Furthermore, depending on the trajectory of the Iran nuclear deal, the PMF may be limited outside of Iraq. The US, which has long claimed that the mission of the PMF has come to an end, is expected to adopt a more supportive stance in limiting the group.
Can Sistani be a solution?
The long-standing rivalry about the centre of the Shia world, between Najaf in Iraq, led by Grand Ayatollah Ali al-Sistani, and Qom in Iran, led by Ayatollah Khamenei, has had a negative effect on the PMF.
Sistani could limit the power of the PMF: in 2014, he issued a fatwa for Iraqis to take up arms against Daesh. A similar fatwa could bring an end to the PMF. The brigades close to Sistani, known as Hashd al Atabat, already left the PMF in 2020 due to the PMF’s pro-Iran stance. However, Sistani refrains from commenting on daily politics, which, combined with the fear that his fatwa will not find a response – which would hurt his credibility – might cause him to abstain from this issue. Moreover, the fact that the PMF is a legal part of the Iraqi security mechanism is an obstacle to Najaf's possible intervention.
Meanwhile, however, the PMF is in a relatively weakened state: Iran reduced its economic aid to Iraqi militias due to increased sanctions and the US withdrawal from the nuclear deal, and the killing of Iranian general Qasem Soleimani in 2020 also damaged the motivation of militias. Furthermore, their loss at the ballot box in the last elections accelerated this situation.
While Sadr is aware of their weakness and attempts to turn the process in his favour, pro-Iranians will try every way to avoid being left out of the government.
If Sadr fails to form a government, it is inevitable that the PMF will further consolidate its power, as pro-Iranian factions like the Fatah Alliance or former PM Nouri al Maliki’s State of Law bloc are the only other groups able to form governments. The possibility that they are strong in the new government will further accelerate the transformation of the PMF, which operates like the Lebanese Hezbollah, and wants to function like Iran's Revolutionary Guards.
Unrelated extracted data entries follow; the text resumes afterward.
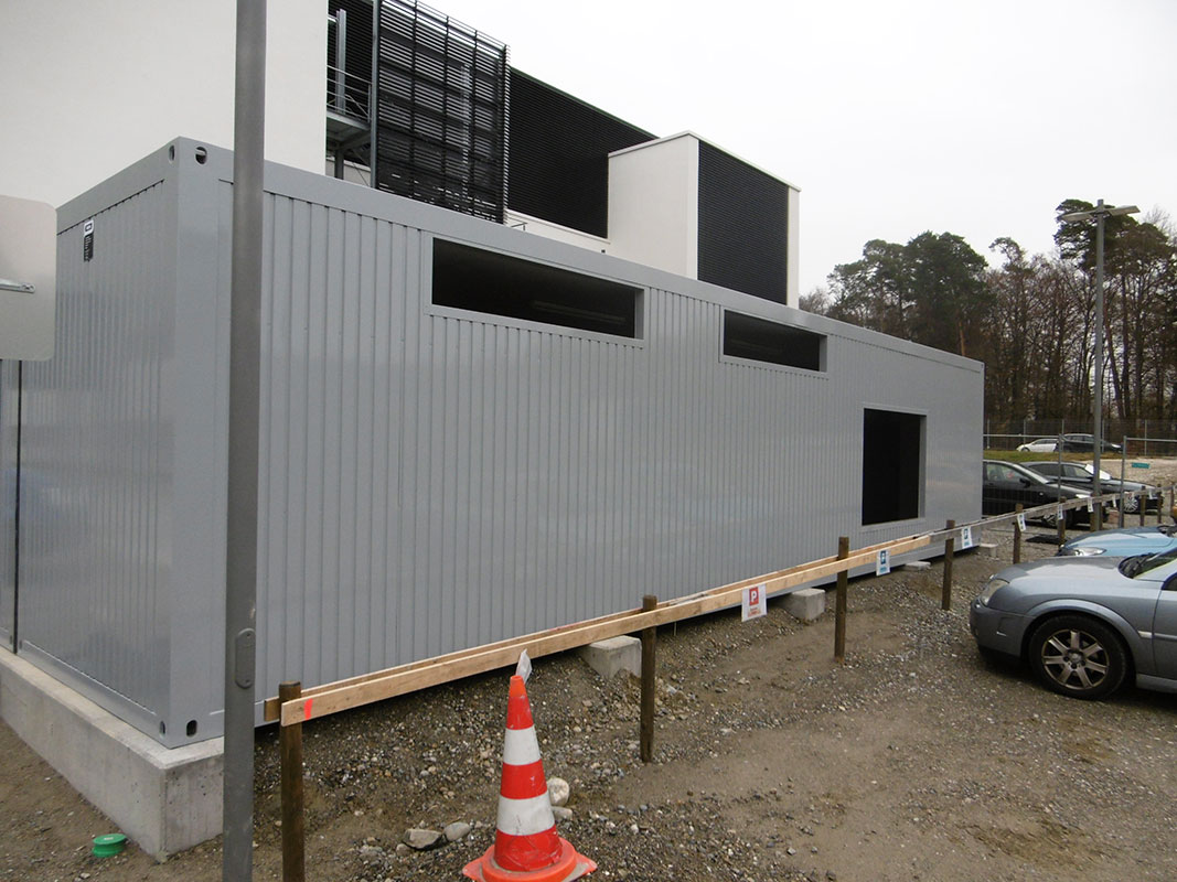 Hier sehen Sie den Aufbau einer Containeranlage. Die modulare Bauweise erlaubt den Aufbau der Container in sehr kurzer Zeit und mit relativ kleinem Aufwand.
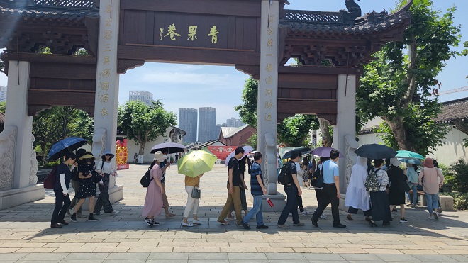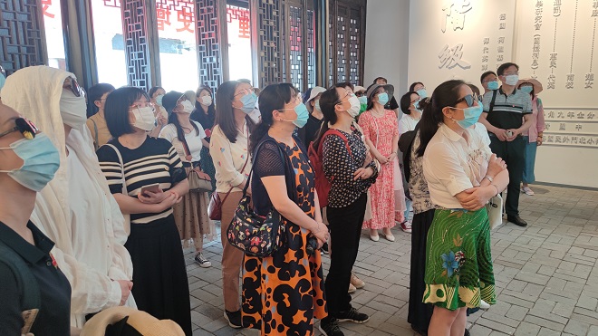 午餐后,老师们顶着烈日,徒步来到青果巷历史文化街区。青果巷是常州文脉之地,文风兴起唐代,簪缨世家聚居,书香盈巷,墨迹飘河,先后走出了近百名科举才俊和一大批近现代名人,也是瞿秋白和周有光的出生地,被誉为“江南名士第一巷”。老师们信步其中,感受着浓郁的历史文化气息,并深入史良故居、周有光图书馆、唐荆川纪念馆、赵元任艺术中心学习参观。
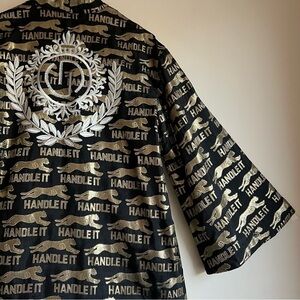 Amazing "Handle It" jacket in black with allover metallic gold embroidery. Guaranteed to make a statement! Edgy, versatile piece for the bold in you:)
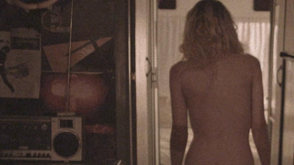Dakota Fanning naked in RV, a guy is pulling a cover down off her arms, so we see her ass. Then we see her topless; we see her boobs as well. She starts having sex standing up in the bedroom.
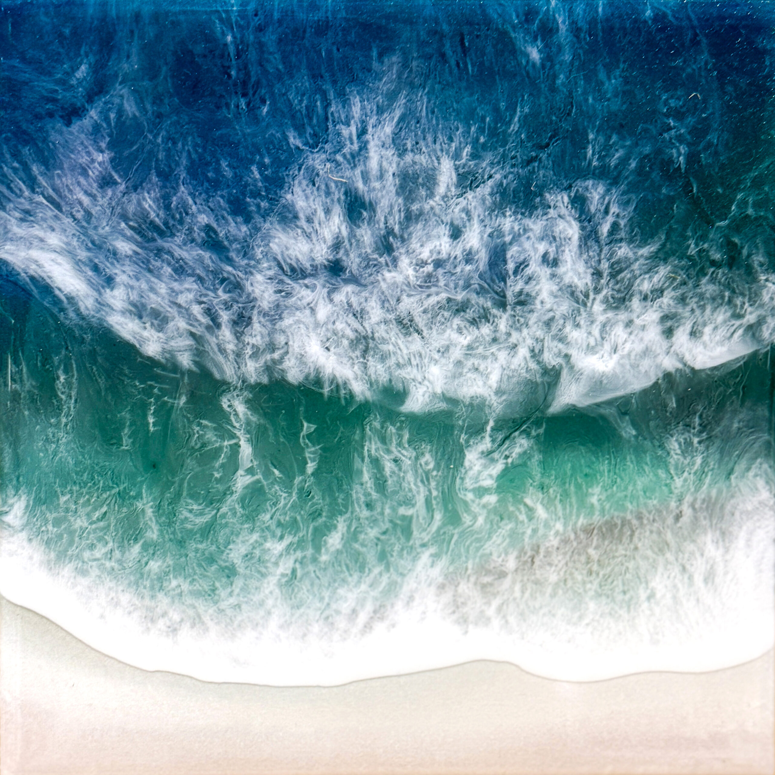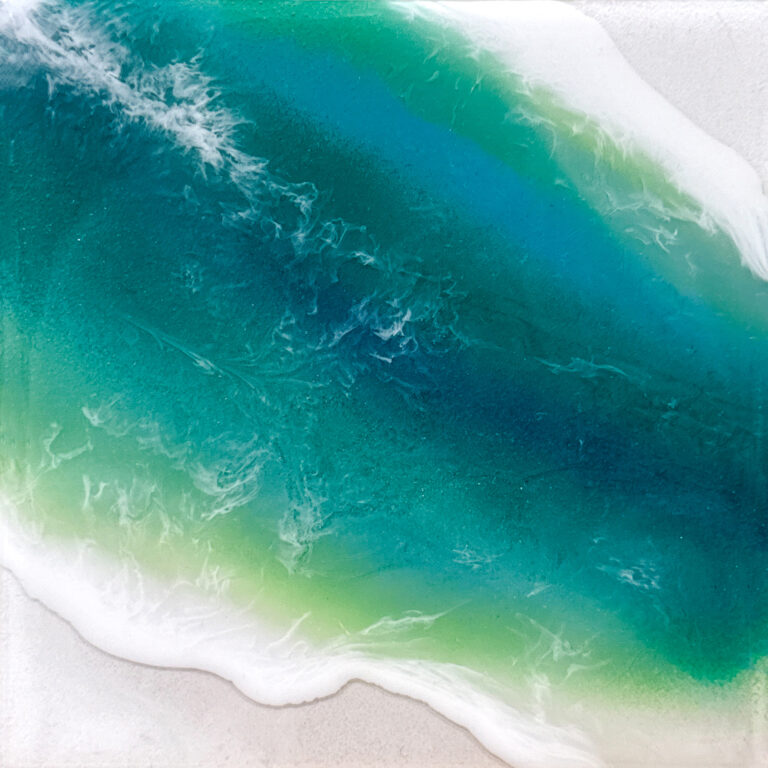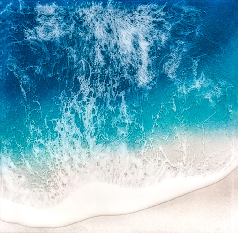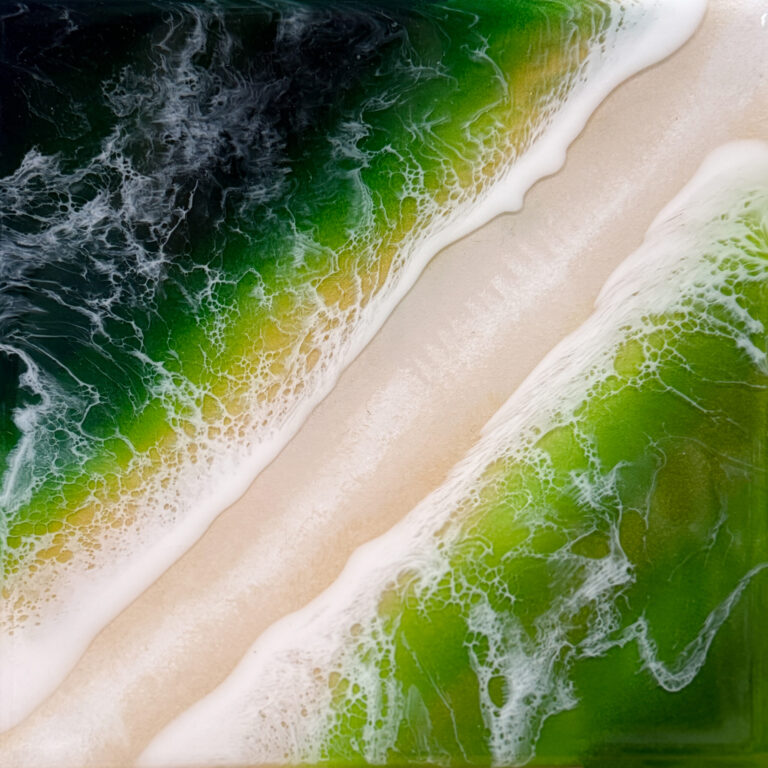 Dieses Werk spürt dem Atem des Meeres nach – rau, lebendig und voller ungebändigter Energie. In intensiven Smaragd- und tiefen Blautönen entfaltet sich eine bewegte Komposition, die an aufgewühlte Wasseroberflächen und das kraftvolle Aufeinandertreffen von Wellen erinnert. Die vielschichtigen Ebenen aus Epoxidharz erzeugen eine eindrucksvolle Tiefe: Transparente Bereiche treffen auf verdichtete Farbräume, Licht bricht sich in den grünen und blauen Nuancen uns lässt das Werk je nach Perspektive immer wieder neu erscheinen. Die Struktur wirkt beinahe spürbar – wie Gischt, die sich im nächsten Moment wieder zurückzieht.
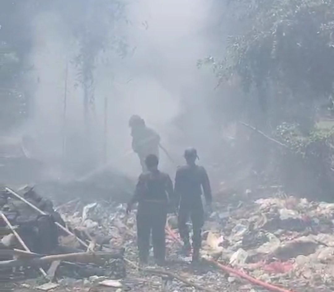 KEBAKARAN SAMPAH DI MOJOPANGGUNG SEMPAT MENGANCAM RUMAH WARGA, DAMKARMAT BANYUWANGI BERHASIL PADAMKAN API DALAM WAKTU SINGKAT
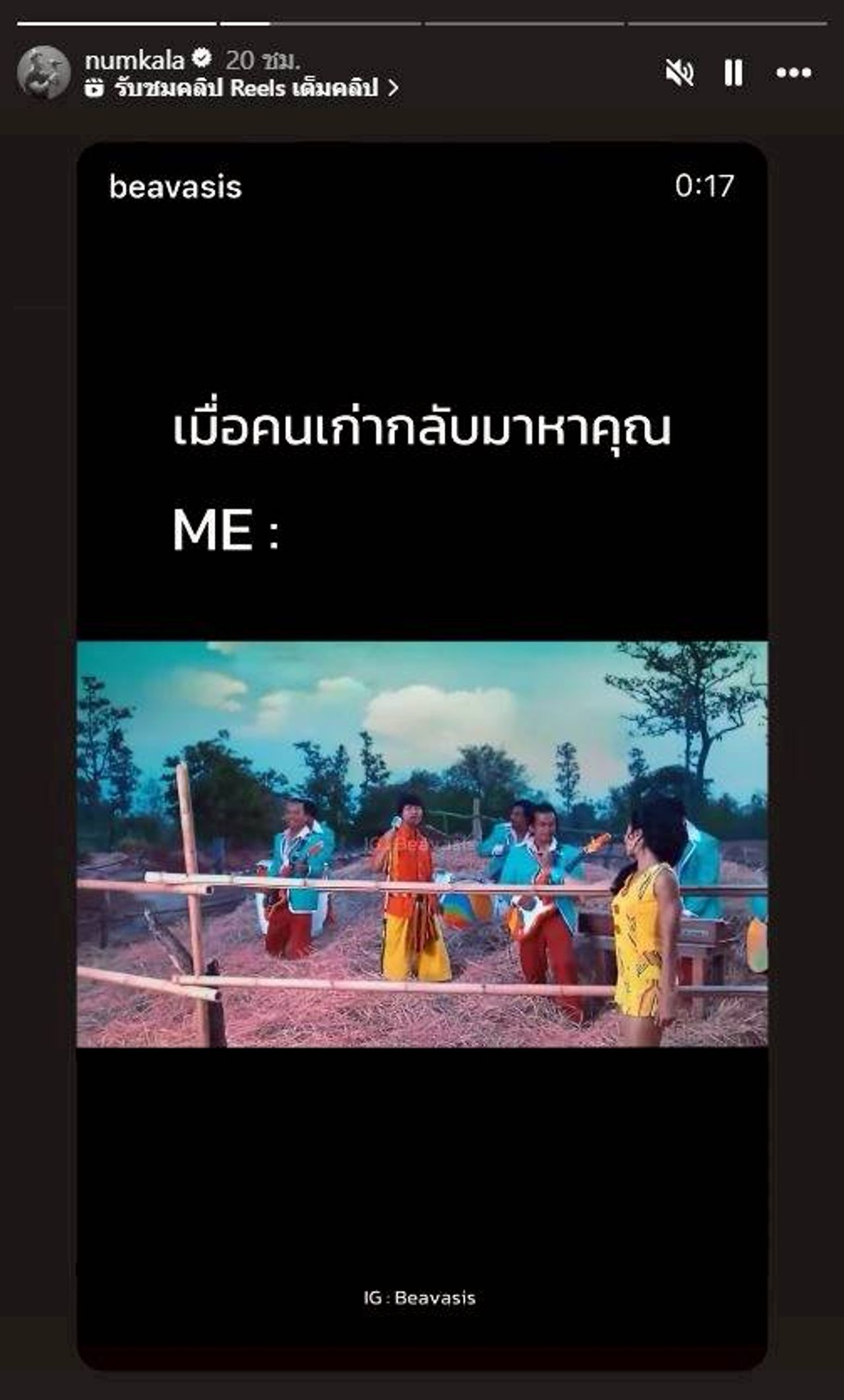 นอกจากนี้ หนุ่ม กะลา ยังโพสต์คลิปเด็ดเมื่อคนเก่ากลับมาหาลงในไอจีสตอรี่ด้วย ซึ่งคลิปดังกล่าวได้ตอบกลับแฟนเก่ากลับมาหาด้วยเพลง “กลับมาทำไม” เพลงประกอบภาพยนตร์เรื่อง “แหยมยโสธร” ซึ่งมีเนื้อเพลงที่ว่า “ไปหาข้างหน้าดีกว่าคนสวย หาคนร่ำรวยก็อาจจะมี พี่นี้ไม่มีความหมาย ขืนอยู่ไปจะเป็นของฟรี ขอบใจสุดซึ้ง ที่คิดถึงพี่ ขอให้โชคดี โทษทีนะพี่ไม่ว่าง”
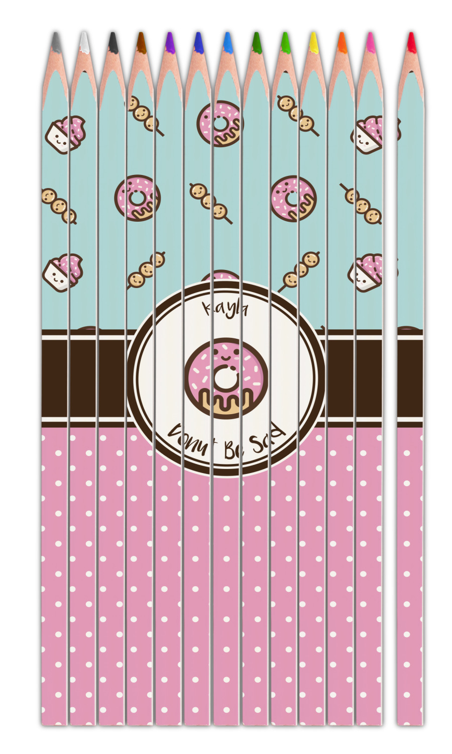This design is a beautiful light blue/teal and light pink. The top half of the design has a fun pattern with a blue/teal background and pink donuts and other treats. The bottom half is a bright pink polka dot pattern. Each background is divided by a dark brown ribbon. On top of these is a round label with an adorable donut and your personalization right in the middle.
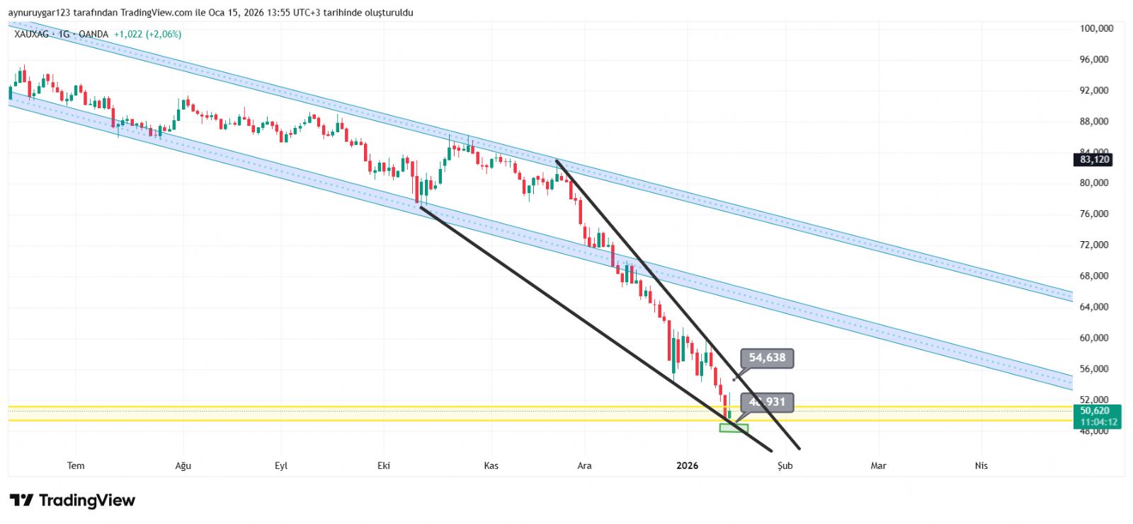 48 alçalan üçgen ve 4 saatlik destek idi .. artık 46 ünlük ve haftalıkta destek olmuş ...
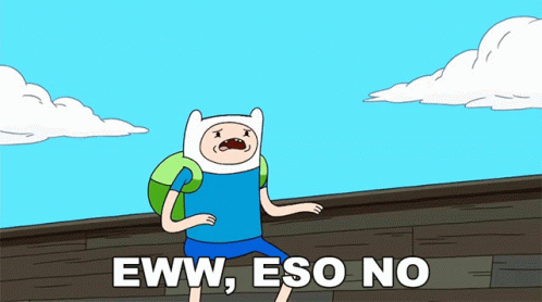 Finn from Adventure Time reacts with disgust, exclaiming 'Eww, Eso No' in this animated clip.
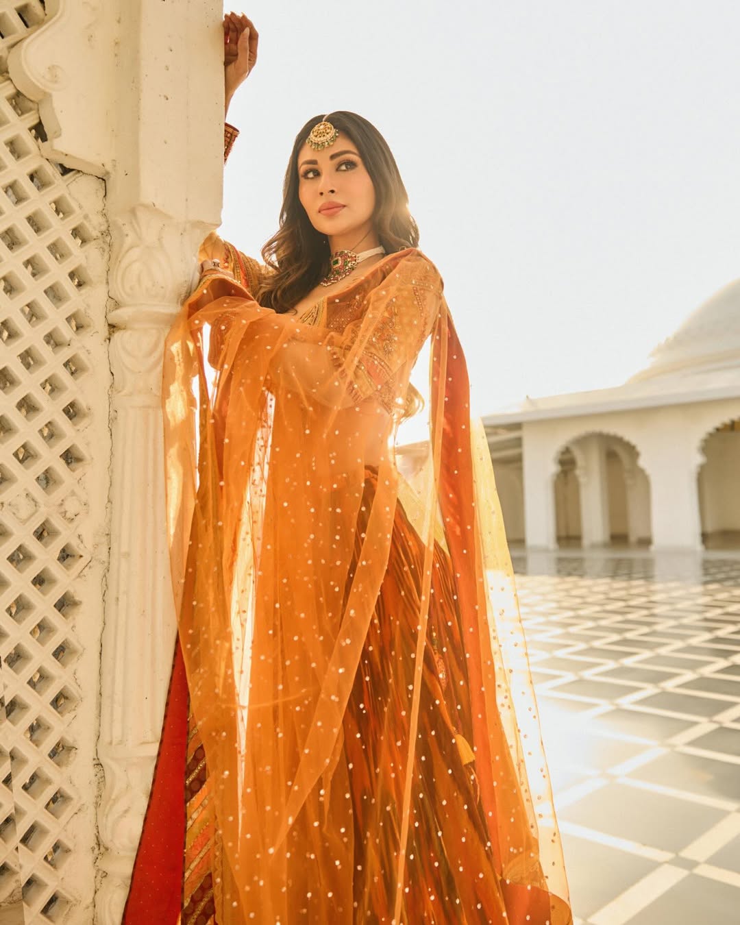 1 / 51Mouni Roy Radiates Festive Charm in Vibrant Orange Lehenga
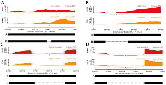 Sashimi plots displaying significant intron retention events in the genes (A) yuri, (B) sxc, (C) Atg18a, and (D) stmA. The red histograms represent RNA-seq read coverage for sertraline-treated samples, while the orange histograms correspond to control samples. The connecting lines represent spliced regions. For the yuri gene, intron retention was significantly higher in sertraline-treated samples compared to controls, suggesting a splicing alteration that could affect the expression of the functional isoform. For sxc, Atg18a, and stmA, sertraline treatment reduced intron retention, which may favor the expression of functional isoforms. Abbreviations: IncLevel—inclusion level, RPKM—reads per kilobase million.
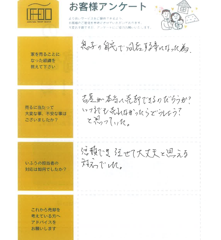 売主様アンケート~大分市生石~ Posted 2026年3月12日 by ifoo-Staff 20260312125120 売主様 当社にて不動産の販売を任せていただき誠にありがとうございました。 信頼していただけたことがとても嬉しく思います! また当社でお役にたてることがございましたら、ぜひご相談ください。
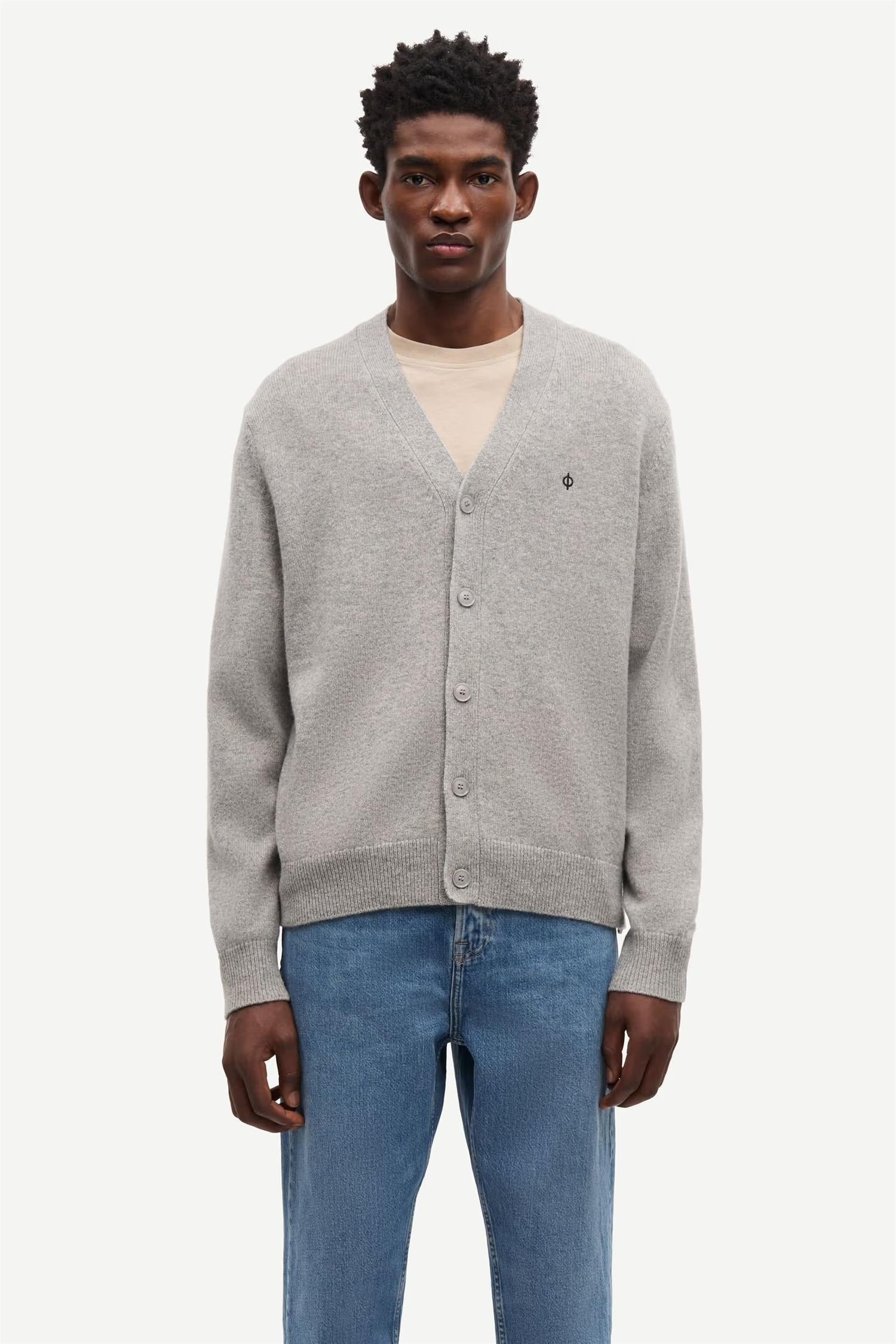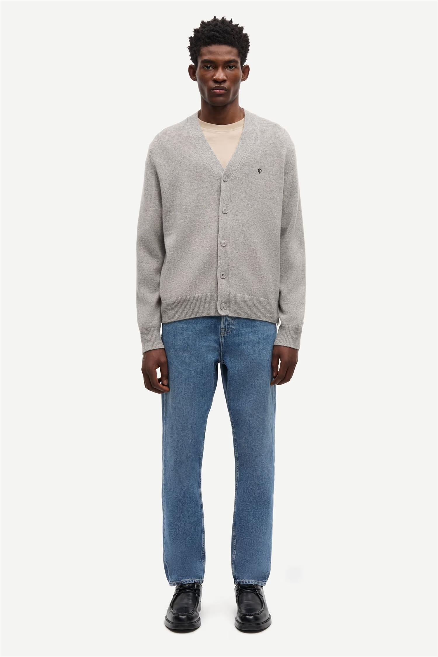 Sapatrik Cardigan 132 fra Samsøe & Samsøe. Sapatrik Cardigan 132 er en tidløs cardigan med regular fit og V-hals. Den har ribbestrikkede mansjetter og kant, samt brodert Ø-branding på brystet. Cardiganen er laget av en myk ullblanding og gir både komfort og stil. Normal i størrelsen.

The collapse of the state apparatus in Iraq after 2003, corruption, instability, and a lack of justice fed the militia culture. Iranian influence in Iraq and the lack of control of militias will continue to be a matter of discussion if there is no determination to limit the PMF.
The way to do this is to form a government that is eager to break Iran's influence and to take on the risk of clashing with the militias. However, right now, this is a far-off possibility in Iraq.